Heart irradiation as a risk factor for radiation pneumonitis.

机构信息

Department of Radiation Oncology, Mallinckrodt Institute of Radiology, Washington University School of Medicine, St. Louis, Missouri 63110-1093, USA.

出版信息

Acta Oncol. 2011 Jan;50(1):51-60. doi: 10.3109/0284186X.2010.521192. Epub 2010 Sep 28.

Abstract

PURPOSE

to investigate the potential role of incidental heart irradiation on the risk of radiation pneumonitis (RP) for patients receiving definitive radiation therapy for non-small-cell lung cancer (NSCLC).

MATERIAL AND METHODS

two hundred and nine patient datasets were available for this study. Heart and lung dose-volume parameters were extracted for modeling, based on Monte Carlo-based heterogeneity corrected dose distributions. Clinical variables tested included age, gender, chemotherapy, pre-treatment weight-loss, performance status, and smoking history.
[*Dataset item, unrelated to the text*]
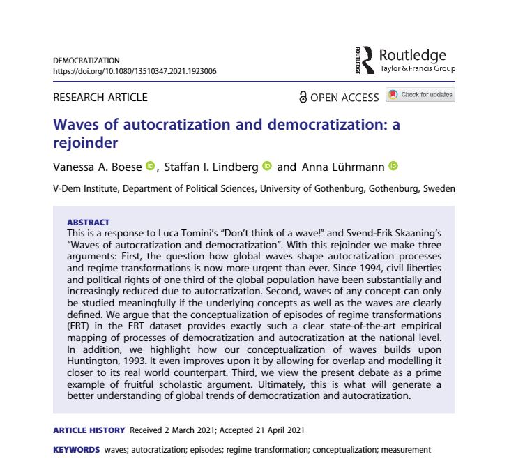 @BoeseVanessa@StaffanILindber and@AnnaLuehrmann to recent debates in@democ_journal about waves of#autocratization and#democratization. Replying to articles by Svend-Erik Skaaning and@LucaTomini. https://www.tandfonline.com/doi/full/10.1080/13510347.2021.1923006?src=#.YKsflwZ3PBk.twitter …pic.twitter.com/QNzFqR4XPI
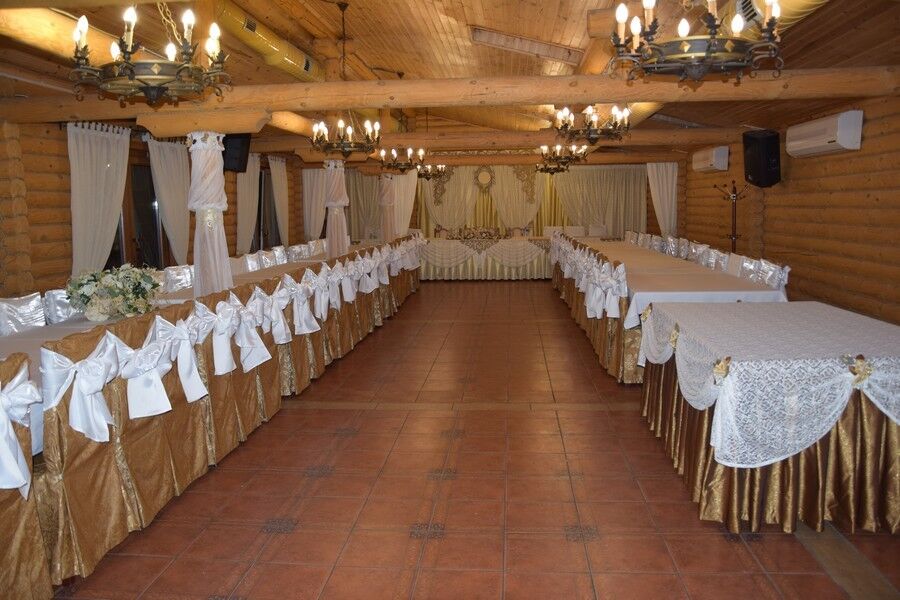 При замовленні пишного весільного бенкету (від 100 осіб) в подарунок від закладу пропонується номер-люкс для молодят.

The risk of RP was modeled using logistic regression.

RESULTS

the most significant univariate variables were heart related, such as heart heart V65 (percent volume receiving at least 65 Gy) (Spearman Rs = 0.245, p < 0.001). The best-performing logistic regression model included heart D10 (minimum dose to the hottest 10% of the heart), lung D35, and maximum lung dose (Spearman Rs = 0.268, p < 0.0001). When classified by predicted risk, the RP incidence ratio between the most and least risky 1/3 of treatments was 4.8. The improvement in risk modeling using lung and heart variables was better than using lung variables alone.

CONCLUSIONS

these results suggest a previously unsuspected role of heart irradiation in many cases of RP.

摘要

目的

研究非小细胞肺癌(NSCLC)患者接受根治性放疗时偶然心脏照射对放射性肺炎(RP)风险的潜在作用。

材料和方法

本研究共纳入 209 例患者的数据。基于蒙特卡罗校正的异质性剂量分布,提取心脏和肺剂量-体积参数进行建模。测试的临床变量包括年龄、性别、化疗、治疗前体重减轻、体能状态和吸烟史。使用逻辑回归模型来预测 RP 风险。

结果

最显著的单变量变量与心脏有关,例如心脏 V65(至少接受 65Gy 剂量的百分比体积)(Spearman Rs = 0.245,p < 0.001)。表现最好的逻辑回归模型包括心脏 D10(心脏最热的 10%部分的最小剂量)、肺 D35 和最大肺剂量(Spearman Rs = 0.268,p < 0.0001)。按预测风险分类,治疗中风险最高和最低的 1/3 之间的 RP 发生率比值为 4.8。使用肺和心脏变量进行风险建模的改善优于仅使用肺变量。

结论

这些结果表明,在许多 RP 病例中,心脏照射以前未被怀疑与 RP 有关。